EXERCISE DESCRIPTION
Verbatim output of the lines below is required, with the images omitted.

DATA BELOW
=== Begin Enclosure ===
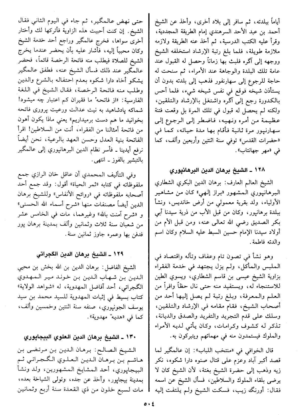 الشيخ عن اسمه فقال: أورنك زيب، فسكت الشيخ ولم يلتفت إليه حتى نهض عالمكير، ثم جاء في
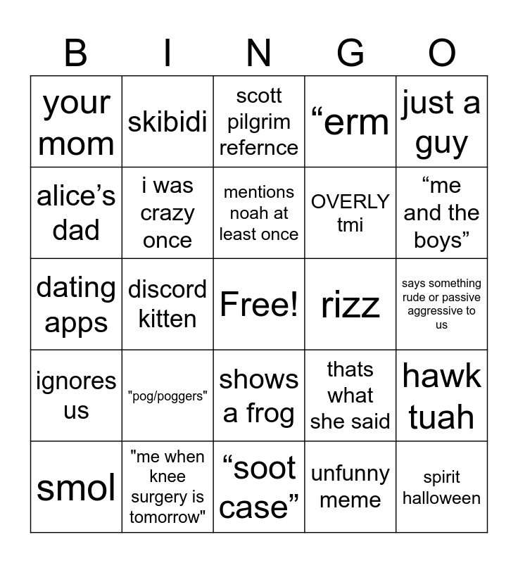 This bingo card has a free space and 24 words: "pog/poggers", "me when knee surgery is tomorrow", mentions noah at least once, smol, just a guy, your mom, alice’s dad, skibidi, rizz, shows a frog, OVERLY tmi, dating apps, thats what she said, hawk tuah, i was crazy once, unfunny meme, says something rude or passive aggressive to us, scott pilgrim refernce, “me and the boys”, discord kitten, spirit halloween, ignores us, “erm and “soot case”.
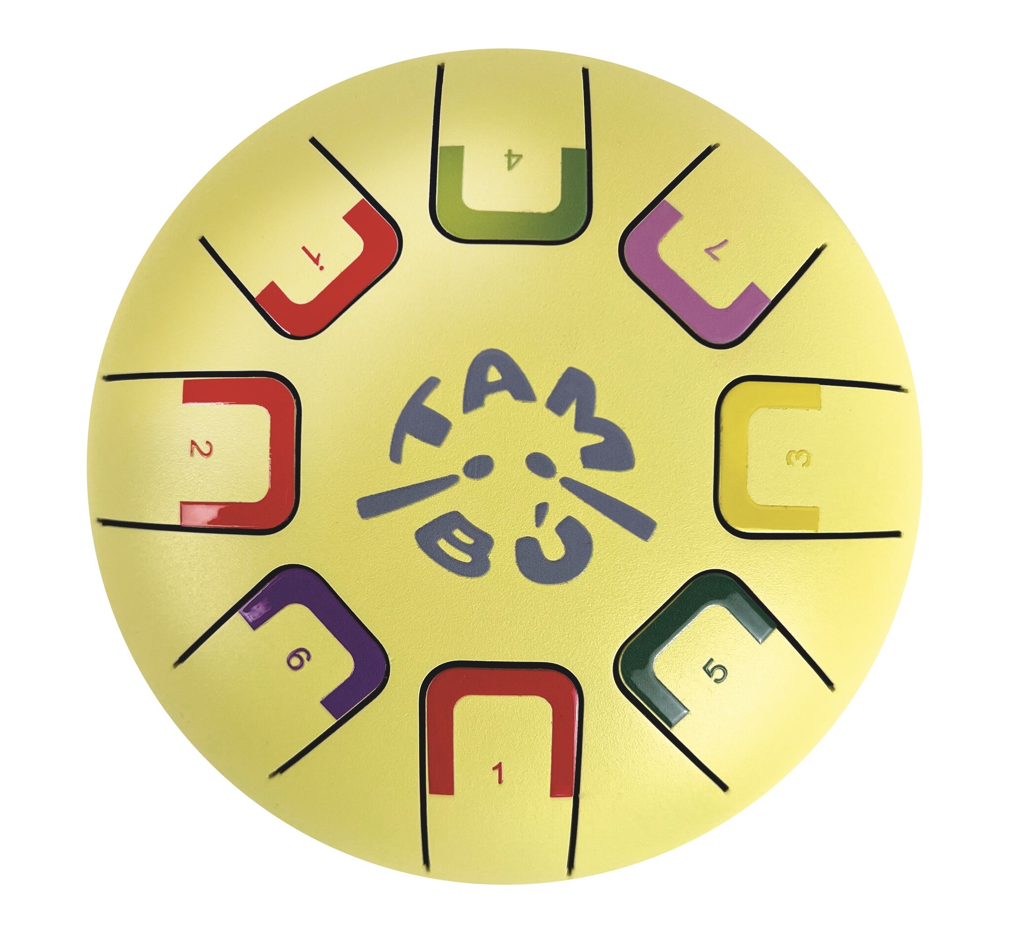 Goed klinkende kleine Tambú tongdrum of handpan met acht tonen in een duidelijke aftekening om mooie muziekstukken te leren spelen in prachtige zonnig gele kleur Lees meer
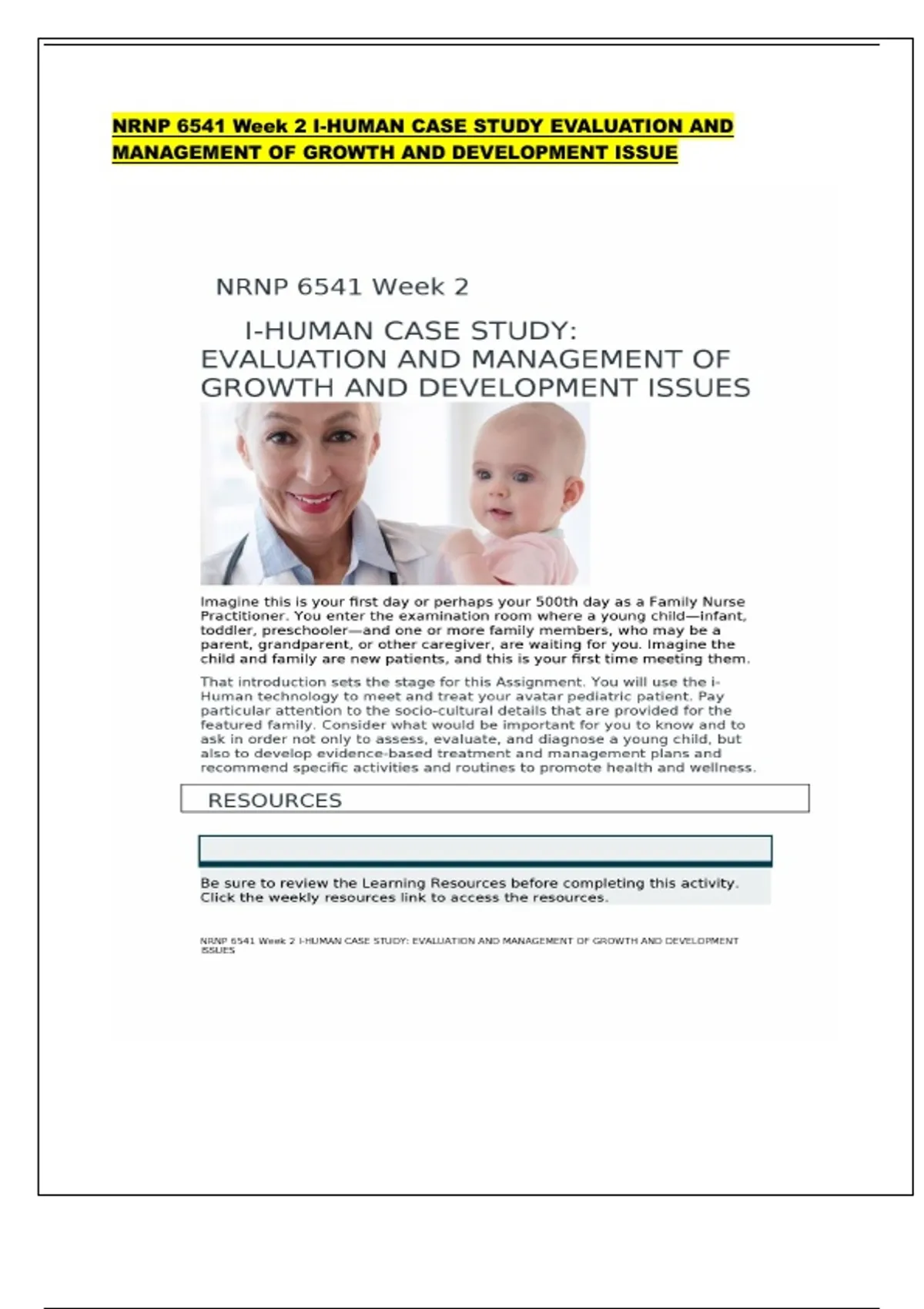 NRNP 6541 Week 2 I-HUMAN CASE STUDY EVALUATION AND MANAGEMENT OF GROWTH AND DEVELOPMENT ISSUE
=== End Enclosure ===
RESPONSE BELOW
 الشيخ عن اسمه فقال: أورنك زيب، فسكت الشيخ ولم يلتفت إليه حتى نهض عالمكير، ثم جاء في
 This bingo card has a free space and 24 words: "pog/poggers", "me when knee surgery is tomorrow", mentions noah at least once, smol, just a guy, your mom, alice’s dad, skibidi, rizz, shows a frog, OVERLY tmi, dating apps, thats what she said, hawk tuah, i was crazy once, unfunny meme, says something rude or passive aggressive to us, scott pilgrim refernce, “me and the boys”, discord kitten, spirit halloween, ignores us, “erm and “soot case”.
 Goed klinkende kleine Tambú tongdrum of handpan met acht tonen in een duidelijke aftekening om mooie muziekstukken te leren spelen in prachtige zonnig gele kleur Lees meer
 NRNP 6541 Week 2 I-HUMAN CASE STUDY EVALUATION AND MANAGEMENT OF GROWTH AND DEVELOPMENT ISSUE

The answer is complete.